Transformed: Pursued in this fashion, history would most naturally become of ethical value in teaching. In a word, federations between small territorial units, as well as among men united by common pursuits within their respective guilds, and federations between cities and groups of cities constituted the very essence of life and thought during that period. Hence the devout attitude survives in a better state of preservation among these classes than among the common run of men in the modern communities. In such an age integrity in business relations and the domestic virtues which maintain the purity of the family may be highly valued, but they are chiefly valued because they are essential to the well-being of the State. (Sentences drawn from John Dewey, Democracy and Education; Kropotkin, Mutual Aid; Veblen, Theory of the Leisure Class; W.E.H. Lecky, Map of Life.)
You will notice that the transformed passage is not entirely coherent, but it’s not meaningless either. There is a throughline here, and some structure that has been maintained in the argument. Perhaps this is meaning, or perhaps this is order, or perhaps this is something else entirely. Perhaps the geometry of the original passage — the three vectors corresponding to the three sentences — contains within it some meaning that we can prove to exist by its persistence. Perhaps this experiment is in vain, and we are confusing lexical architecture or linguistic structure for genuine meaning itself.

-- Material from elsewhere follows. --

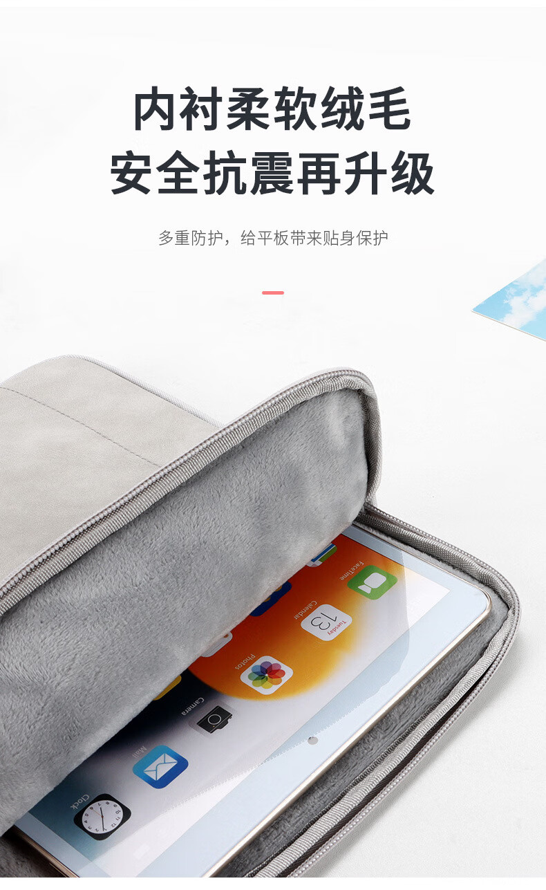 【精选直发】ipad平板电脑包内胆包手提收纳包适合商务出行轻薄可 浅灰色 9.7-10.8寸通用(适用IPAD新款11寸
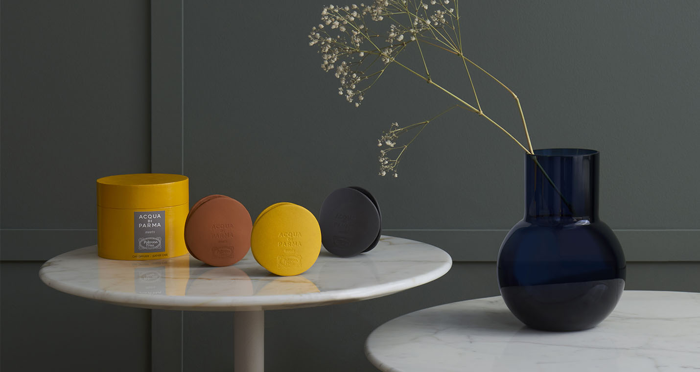 香氛罩有黃色、深灰色和棕色可選,這些顏色專為與灰色的內部主體和諧搭配而設計。在圓盤中央燙印有""Acqua di Parma meets Poltrona Frau""徽標。套件中所帶的入門套裝包括三種香氛:Milano(米蘭)、Buongiorno(早晨好)和Luce di Colonia(晶瑩花露)。

I do not pretend to know what this experiment tells us, but I present it to you with enthusiasm. I wonder if, just with a series of transformations, the architecture of Marxism could be transformed to become the architecture of free-market capitalism. I wonder if there is something more to the nature of transforming architecture — like, perhaps, each architectural transformation being analogous in some way to a genuine argumentative critique or verbalized conceptual adjustment. I wonder if rhetoric has a mathematical basis, that is possibly linked to philosophical validity or at least internal cohesion, and that the vector embedding space can help us understand written thought in this way.
What I can say, with some definiteness, is that there must be something about architecture that plays into meaning. Whether my work here has moved us towards a formal proof of meaning’s residence in combination and structure (or not) is entirely up to you.